Last summer, Obama was again desperate to reach compromise, this time on legislation to reduce the budget deficit, which had come to dominate the political agenda and symbolize, in the eyes of Establishment opinion, Obama’s failure…. Obama offered Republicans hundreds of billions of dollars in spending cuts and a permanent extension of Bush-era tax rates in return for just $800 billion in higher revenue over a decade. This was less than half the new revenue proposed by the Bowles-Simpson deficit commission. Republicans spurned this deal, too.
Instead the party has bet everything on 2012….
[T]he party has decided to bet everything on its one “last chance”… to exercise power in its current form, as a party of anti-government fundamentalism powered by sublimated white Christian identity politics….
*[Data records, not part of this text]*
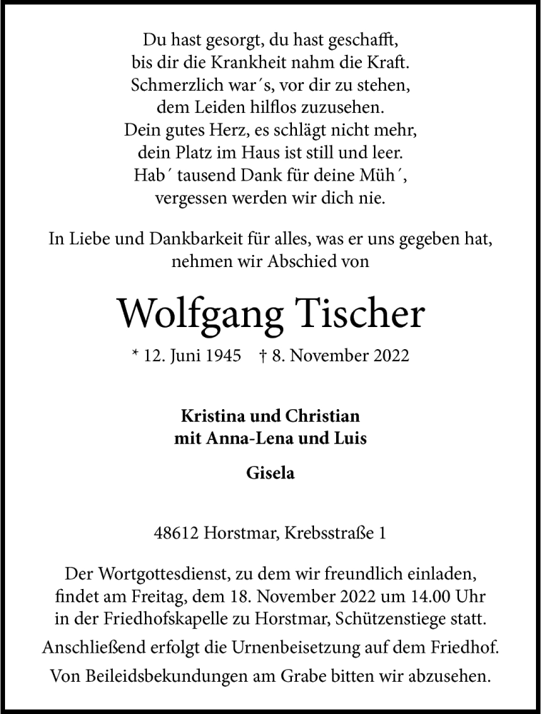 Hier finden Sie alle Traueranzeigen aus der Zeitung, die bisher für Wolfgang Tischer erschienen sind. Weitere Traueranzeigen, die in der Zeitung erscheinen, werden hier ebenfalls aufgelistet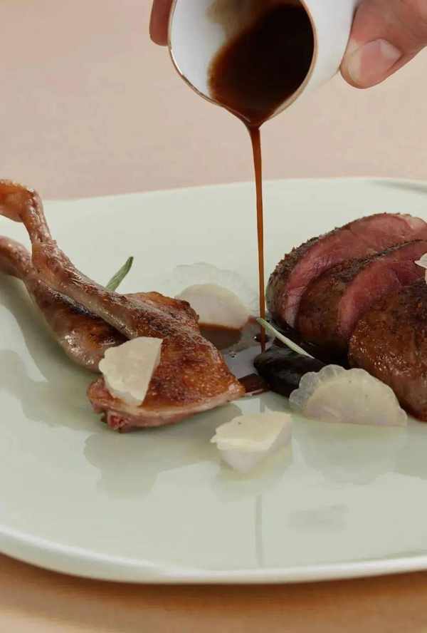 Ugo 为鸽肉搭配了鸽子汁和西梅酱。鸽子汁特地选了老鸽来制作,味道会更加浓郁;其中的西梅酱,用的是来自新疆的西梅,酸甜的味道和肉类的脂香搭配起来,无可挑剔。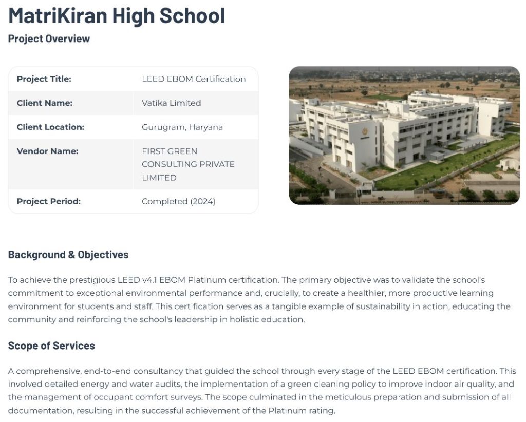 MatriKiran High School, a client of Vatika Limited in Gurugram, Haryana, has successfully achieved the prestigious LEED v4.1 EBOM (Existing Buildings Operations and Maintenance) Platinum certification. This significant achievement, completed in 2024 with guidance from First Green Consulting Private Limited, serves as a powerful validation of the school’s deep commitment to exceptional environmental performance and holistic education. The primary objective of the project was to create a healthier, more productive learning environment for its students and staff, setting a tangible example of sustainability for the community. Our end-to-end consultancy services guided the school through every stage of the rigorous certification process. This included detailed energy and water audits, the implementation of a new green cleaning policy to significantly improve indoor air quality, and comprehensive management of occupant comfort surveys. The scope culminated in the meticulous preparation and submission of all required documentation, ultimately resulting in the highest possible Platinum rating. This certification reinforces MatriKiran High School’s leadership in providing a world-class, environmentally responsible educational setting.

Will the gamble work? Grim though the long-term demography may be, it became apparent to Republicans almost immediately after Obama took office that political fate had handed them an impossibly lucky opportunity. Democrats had come to power almost concurrently with the deepest economic crisis in 80 years, and Republicans quickly seized the tactical advantage, in an effort to leverage the crisis to rewrite their own political fortunes…. During the last midterm elections, the strategy succeeded brilliantly. Republicans moved further right and won a gigantic victory. In the 2010 electorate, the proportion of voters under 30 fell by roughly a third, while the proportion of voters over 65 years old rose by a similar amount—the white share, too. In the long run, though, the GOP has done nothing at all to rehabilitate its deep unpopularity with the public as a whole, and has only further poisoned its standing with Hispanics…. If they can claw out a presidential win and hold on to Congress, they will have a glorious two-year window to restore the America they knew and loved, to lock in transformational change, or at least to wrench the status quo so far rightward that it will take Democrats a generation to wrench it back….
On the other hand, if they lose their bid to unseat Obama, they will have mortgaged their future for nothing at all…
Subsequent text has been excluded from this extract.